Years ago we would gather at Gerri Gilliland's signature cafe on Main Street in Santa Monica and feast on all the familiar fare: crab cakes with some sort of aioli, a radicchio and endive salad with parmesan and balsamic, a good steak or piece of fish and even a vegetable and cous cous dish for the vegetarian minded. It wasn't that Gerri was not a chef. She was and is. It was her dynamic personality and straightforward cooking that made her neighborhood restaurant so popular. For all the celebrities to be found at 72 Market and West Beach in those days, you'd find many of them at Gilliland's as well. And being Irish she had an innate way with pastry. I still dream about her warm soda bread with melted butter and lemon tart.

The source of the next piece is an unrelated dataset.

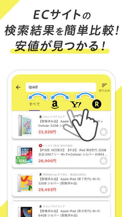 ショッピングサイトにある商品の価格を比較できるアプリ。商品名を入力すると、Amazon・Yahoo!・楽天から検索結果を表示してくれます。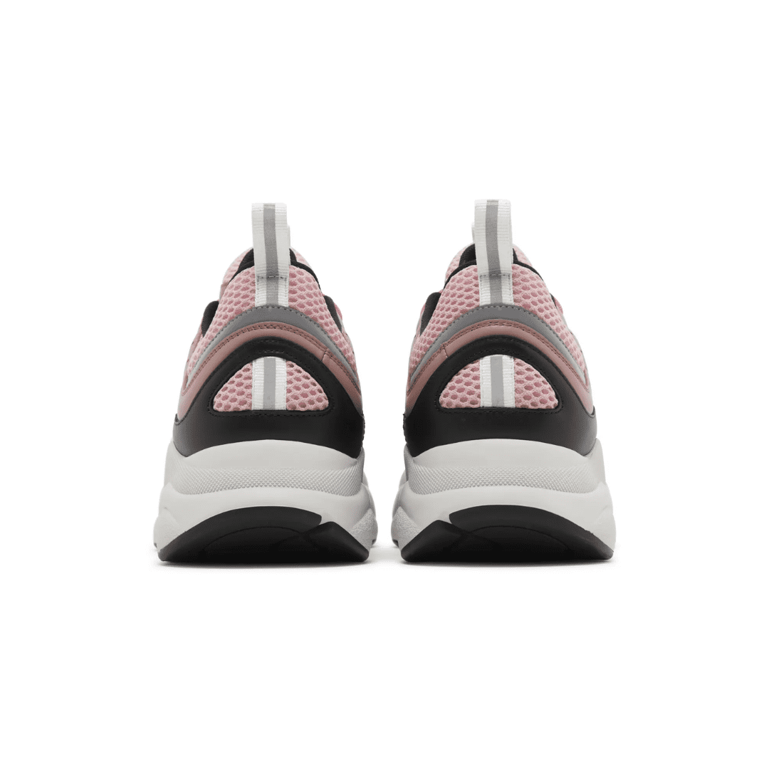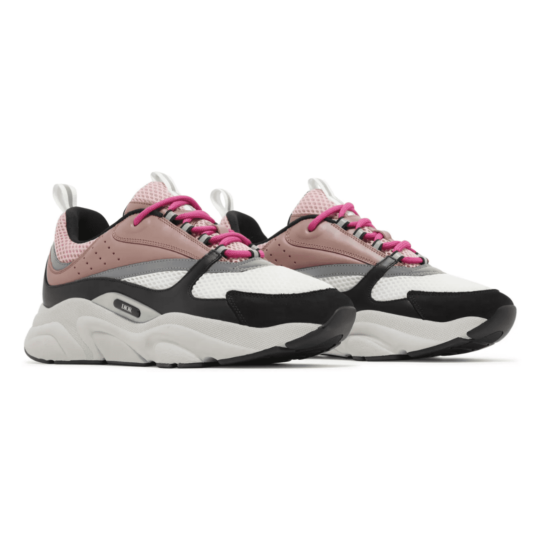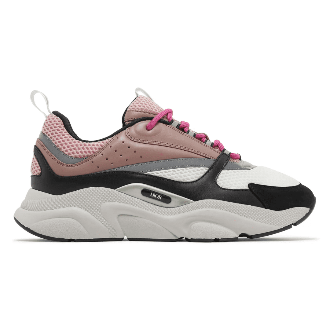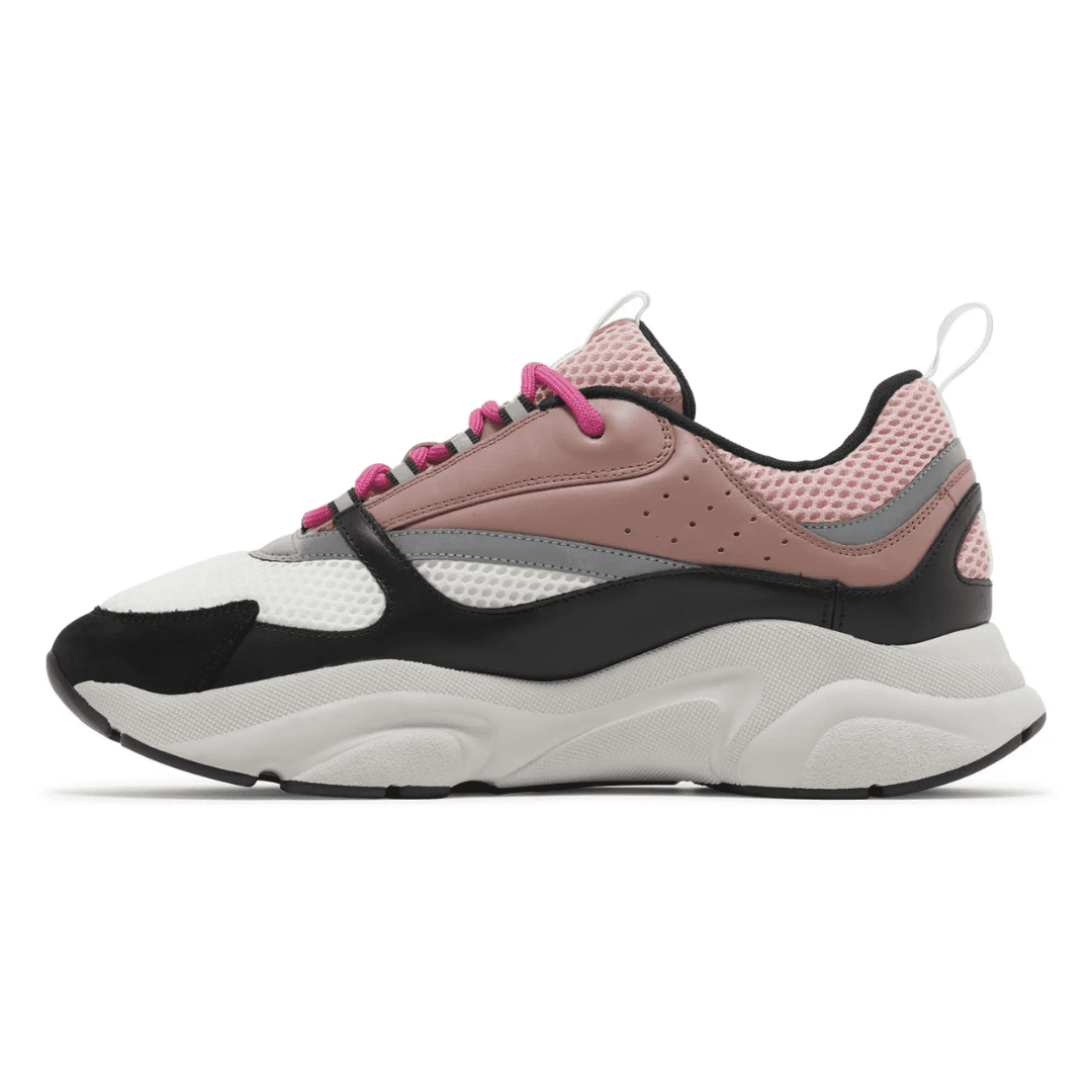 The Dior B22 ‘Burlwood’ brings a playful yet refined edge to the luxury trainer lineup. Featuring soft pink leather overlays, white mesh panels, and black suede detailing, the design is completed with grey accents and bold pink laces. A sculpted midsole provides comfort and a contemporary streetwear aesthetic, blending elegance with urban flair.

Dining with two friends at Taste on Melrose last night, I was reminded of those simpler days on Main St. Melrose is sassier to be sure and Taste's sure footed and impressive design attests to that. Candles and lanterns are used effectively and there's a real grown up feel to this young restaurant. Unlike Ortolon on 3rd, here is a front patio we could of easily sat on, as many did, even in last night's wet weather. As it was we were accorded a front and center window table in the slightly raised dining room but it seemed to me that there wasn't a bad table in the house. Was this really Bourbon St. Shrimp at one time?
Like the design, the food has no discernable pedigree; or, at least, you don't go in name dropping the chef. This is a comfortable easy going neighborhood restaurant with good cooking, friendly and efficient service and stylish enough to attract a wonderfully mixed crowd.
Two of us arrived early and were grateful for the spiced fried calamari with a lime mayonnaise for $8. I particularly liked the pizzette section for noshing and enjoyed the pear and gorgonzola version that one friend paired well with a glass of a Sangiovese rose. Other wines by the glass included a Stone Street Chardonnay for $11 and an Oyster Bay SB for $7.50. The small wine list has some great affordable offerings but a 2003 Soter Pinot Noir courtesy of Mission Wines in Pasadena pretty much provided and stole the thunder of the evening.
A butternut squash soup for $6.50 was perfect for a cold night and I liked the grilled romaine salad with crisp bacon and creamy bleu cheese for $8.75, as well as my red and yellow beet salad with arugula and the obligatory goat cheese and balsamic for $8.25. I said familiar but refreshingly so.
We all wanted the braised short ribs with gremolata and pappardelle for $17.25 but I acquiesced and tried the orange ginger shrimp with noodles for $18.25. The excellent server tipped us off that he liked it more when they made it extra spicy in their opening days. I opted for that version which was about a seven on a scale of one to ten. My friends agreed that the short ribs were okay but the shadow of Lucques version next door loomed large.
We had two desserts ($8 each) and a chocolate ice cream sundae layered with broken pieces of chocolate cake, fresh whipped cream, and caramel sauce was right up my alley. However, a pear tart suffered from the Pepperidge Farm school of pastry. No matter. I look forward to returning soon.